I didn’t wait three years to say goodbye to the person that was my heart’s keeper. What do I do with it now? It’s left in my hand, pieces falling as I don’t know what to do. You were the protector and the guardian. Now you’re the invader.

 

I thought forever was a promise, but just like you it was temporary.

-Fire.

Seasonal.

That word cuts into my heart the same way those texts to other women did. How can someone be seasonal?

You weren’t seasonal when I carried your child for a short blessing. When I moved in with you. When you held me at my friends funeral. Or when I held you at your brother’s. You weren’t seasonal when I was planning a family with you or hinting at a proposal.

How can someone be seasonal? And why does it seem I always am for everyone in life?

-fire

Withdrawal.

Trigger*** I talk about drugs in a symbolic manner on this post!

 

You my love, are my drug. But you aren’t here anymore.

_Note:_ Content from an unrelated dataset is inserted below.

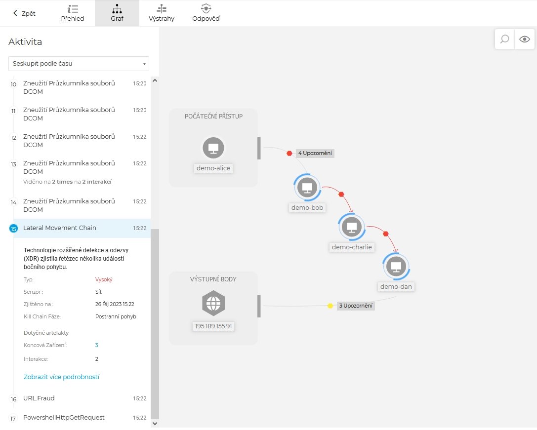 Na první pohled je vidět, z jakého vektoru útok přišel, kolik a které koncové body byly zasaženy, jaké byly postupné kroky útočníka, a adresa serveru útočníka, jenž využil pro exfiltraci dat. V přehledu jsou vidět nejdůležitější kroky útočníka (původní přístup byl ze stanice demo-alice, pak došlo k laterálnímu pohybu skrz stroje demo-bob, demo-charlie až na stroj demo-dan a ze stroje demo-dan byla provedena exfiltrace dat na IP adresu 195.189.155.91). Bezpečnostní incident je u právě probíhajícího útoku aktualizován v reálném čase a doplňován o každý další krok, který útočník dělá. Bezpečnostní tým může pochopitelně útočníka „odstřihnout“ – zablokovat přístup do sítě strojům, které k útoku zneužívá, a připojit se na příkazový řádek těchto strojů (powershell, bash, zshell), zablokovat uživatelský účet, jenž zneužívá apod., a to přímo z ovládací konzole Bitdefender GravityZone – tyto akce jsou bezpečnostnímu týmu přímo nabídnuty a na jedno kliknutí mohou být provedeny.

You left with me in the depths of my own demons. 

The feeling of losing control and not knowing what to do. The cold sweats and sleepless nights. The side of the bed you’re supposed to be occupying. The constant panic of needing you next to me. It wasn’t until you drifted to the next one that I understood the addiction you caused in me.

I relied on you and depended on you. What makes me any different than those that are labeled junkies? Now that I can’t fill myself with your attention and physical presence, I feel myself falling apart. The constant feeling you’re falling in a dream, only I won’t wake up. A never ending nightmare.

-water.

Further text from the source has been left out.